DIRECTIONS
Please restate the data that follows word for word, with the pictures left out.

PROVIDED MATERIAL

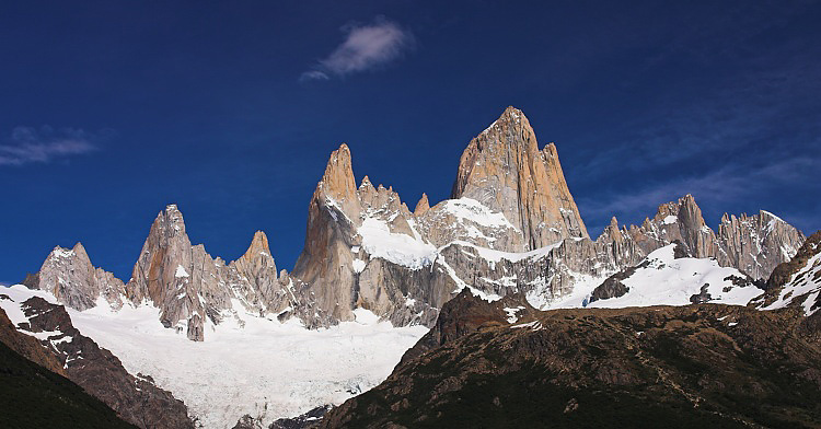 From left: Aguja de la S (2335 m), Saint Exupery (2558 m), Rafael (2482 m), Poincenot (3002 m), De la Silla (2938 m), Fitzroy (3405 m), Mermoz (2732 m), Guillaumet (2579 m)
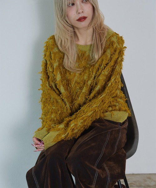 素材の魅力が際立つ、主役級デザイン■デザイン表情のあるカットジャカード素材が、着こなしの主役になるトップス。 ボーダー状のジグザグ柄ジャカード編みで、表面のワタリ糸をカットすることで、こだわりのフリンジデザインを表現しました。 お手持ちのボトムスに合わせるだけで、トレンド感溢れる旬のコーディネートを作り出します。同素材のカーディガン(61-15-1227-370)もございます。■コーディネートデニムパンツやカジュアルなアイテムと合わせるのがおすすめ。今年らしい抜け感のあるスタイリングが楽しめます。厚みを抑えたデザインなので、ボトムスインもしやすく、コートのインナーとしても活躍します。■サイズゆったりとした着心地でありながら、クルーネックで首元はすっきり。計算されたサイズ感で、リラックスしつつも上品な印象を与えます。■素材フリンジジャカードの立体感あるポリエステル素材。■ケア方法ドライクリーニングのみ可(詳細は商品についている品質表示ラベルをご覧ください)【OFF WHITE・YELLOW】BEAMS STAFF:H164 Size:ONE SIZE【BLACK】BEAMS STAFF:H163 Size:ONE SIZE生地の厚さ:厚手透け感:なし伸縮性:あり光沢感:なし裏地:なし【スタッフレビュー】スタッフ:カタヤマ アヤ身長:155cm / 普段サイズ:0 / 着用サイズ:ONE SIZEサイズ感: 身幅ゆったりめ。丈は長すぎず、短すぎずちょうどいい長さです。素材感: ふわふわした触り心地。チクチクしないので着心地◎ポイント: 毛足の長いフリンジでボリューム感が出せます!ボトムスはスッキリした物を選ぶとバランス取りやすいです。※光の当たり具合やパソコンなどの閲覧環境によって、実際の色味と異なって見える場合がございます。予めご了承ください。※商品の色味は商品単体で撮影した画像をご参照ください。
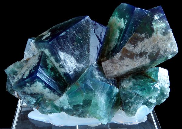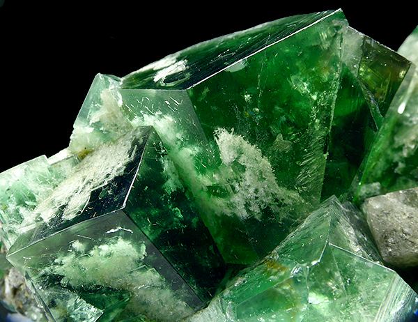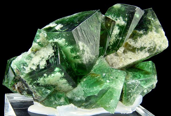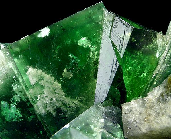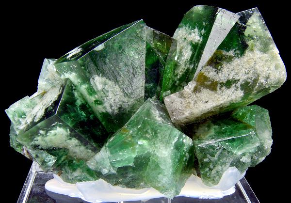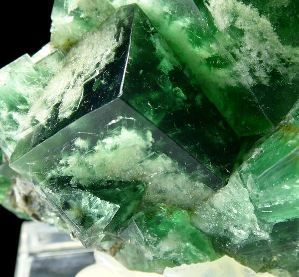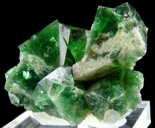 Great specimen with big and sharp fluorite twins perched on the other crystals from world famous locality - Rogerley Mine in UK. Fluorite is showing strong fluorescence in UV light and daylight. Emerald green in incandescent light, blue-green in daylight and electric blue fluorescence in UV light.;Data last checked on 24th Jun 2021 - specimen may no longer be available

EXERCISE SOLUTION
 From left: Aguja de la S (2335 m), Saint Exupery (2558 m), Rafael (2482 m), Poincenot (3002 m), De la Silla (2938 m), Fitzroy (3405 m), Mermoz (2732 m), Guillaumet (2579 m)
 素材の魅力が際立つ、主役級デザイン■デザイン表情のあるカットジャカード素材が、着こなしの主役になるトップス。 ボーダー状のジグザグ柄ジャカード編みで、表面のワタリ糸をカットすることで、こだわりのフリンジデザインを表現しました。 お手持ちのボトムスに合わせるだけで、トレンド感溢れる旬のコーディネートを作り出します。同素材のカーディガン(61-15-1227-370)もございます。■コーディネートデニムパンツやカジュアルなアイテムと合わせるのがおすすめ。今年らしい抜け感のあるスタイリングが楽しめます。厚みを抑えたデザインなので、ボトムスインもしやすく、コートのインナーとしても活躍します。■サイズゆったりとした着心地でありながら、クルーネックで首元はすっきり。計算されたサイズ感で、リラックスしつつも上品な印象を与えます。■素材フリンジジャカードの立体感あるポリエステル素材。■ケア方法ドライクリーニングのみ可(詳細は商品についている品質表示ラベルをご覧ください)【OFF WHITE・YELLOW】BEAMS STAFF:H164 Size:ONE SIZE【BLACK】BEAMS STAFF:H163 Size:ONE SIZE生地の厚さ:厚手透け感:なし伸縮性:あり光沢感:なし裏地:なし【スタッフレビュー】スタッフ:カタヤマ アヤ身長:155cm / 普段サイズ:0 / 着用サイズ:ONE SIZEサイズ感: 身幅ゆったりめ。丈は長すぎず、短すぎずちょうどいい長さです。素材感: ふわふわした触り心地。チクチクしないので着心地◎ポイント: 毛足の長いフリンジでボリューム感が出せます!ボトムスはスッキリした物を選ぶとバランス取りやすいです。※光の当たり具合やパソコンなどの閲覧環境によって、実際の色味と異なって見える場合がございます。予めご了承ください。※商品の色味は商品単体で撮影した画像をご参照ください。
 Great specimen with big and sharp fluorite twins perched on the other crystals from world famous locality - Rogerley Mine in UK. Fluorite is showing strong fluorescence in UV light and daylight. Emerald green in incandescent light, blue-green in daylight and electric blue fluorescence in UV light.;Data last checked on 24th Jun 2021 - specimen may no longer be available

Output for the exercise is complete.